Finalement, les lumières du château des Lestrange s'éteignirent une à une et Mulciber déguerpit, honteux de s'être laissé aller à cet étrange voyeurisme.
Les entrailles de la maison grise étaient éclairées ; Mulciber espéra qu'il s'agissait de son père qui n'arrivait pas à dormir - peut-être l'accueillerait-il pour la nuit. Quand il passa le seuil, il se retrouva face à un Morgan empestant l'alcool. Le premier coup lui explosa la pommette, le deuxième l'étala dans la boue de la cour. Mulciber tenta de ramper hors de portée de son frère, mais Morgan lui envoya un coup de pied dans les flancs, lui coupant le souffle.

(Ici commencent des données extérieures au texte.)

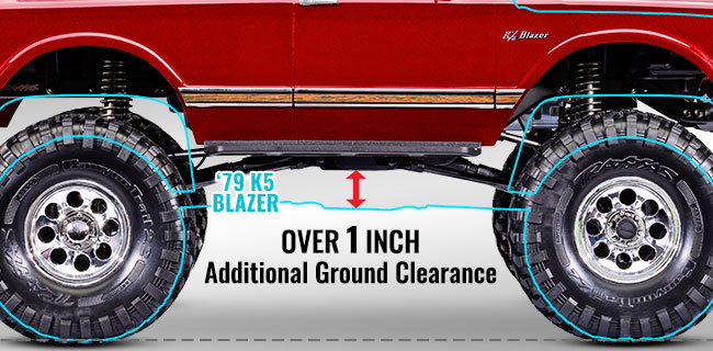 Благодаря радикальной конструкции портальных осей TRX-4, карданные валы расположены выше, что улучшает геометрию оси и уменьшает углы поворота карданных валов. Более высокие карданные валы и тяги подвески преодолевают препятствия, что позволяет избежать высокой центровки вашего грузовика и снизить общий износ.

-Je t'avais dit de pas revenir et voilà que tu te pointes. Je savais que t'essaierais de jouer au con.
Un autre coup fit craquer le nez de Mulciber, le choc se répercuta dans son crâne et il sentit le sang ruisseler sur ses lèvres et son menton. Il gémit, mais n'implora pas, ne demanda pas à Morgan d'arrêter tandis qu'il recevait un autre coup dans le ventre. Non, Morgan n'avait jamais été son frère. Morgan n'était rien. Il n'avait pas de frère.
-T'avise pas de reparaître ici.
Il entendit Morgan tituber jusqu'à la maison et ressortir quelques minutes plus tard avec un sac qu'il lui envoya au visage avant de claquer la porte. Mulciber resta couché à observer les lumières, comme il l'avait fait au château des Lestrange. Une part de lui priait pour que sa mère sortît, alertée par le bruit et qu'elle le recueillît entre ses bras guérisseurs. Il voulait les bras de sa mère, sa voix de berceuse et son parfum de lavande, ce même parfum qui imprégnait le linge propre de la maisonnée. Mais personne ne se montra. Peut-être que ses parents dormaient, ou peut-être qu'ils le feignaient seulement - Mulciber n'était pas sûr de vouloir connaître la réponse. Il n'y avait que le froid immobile d'une nuit d'hiver, la boue qui formait un coussin détrempé sous son corps fourbu et la douleur qui irradiait de son visage tuméfié.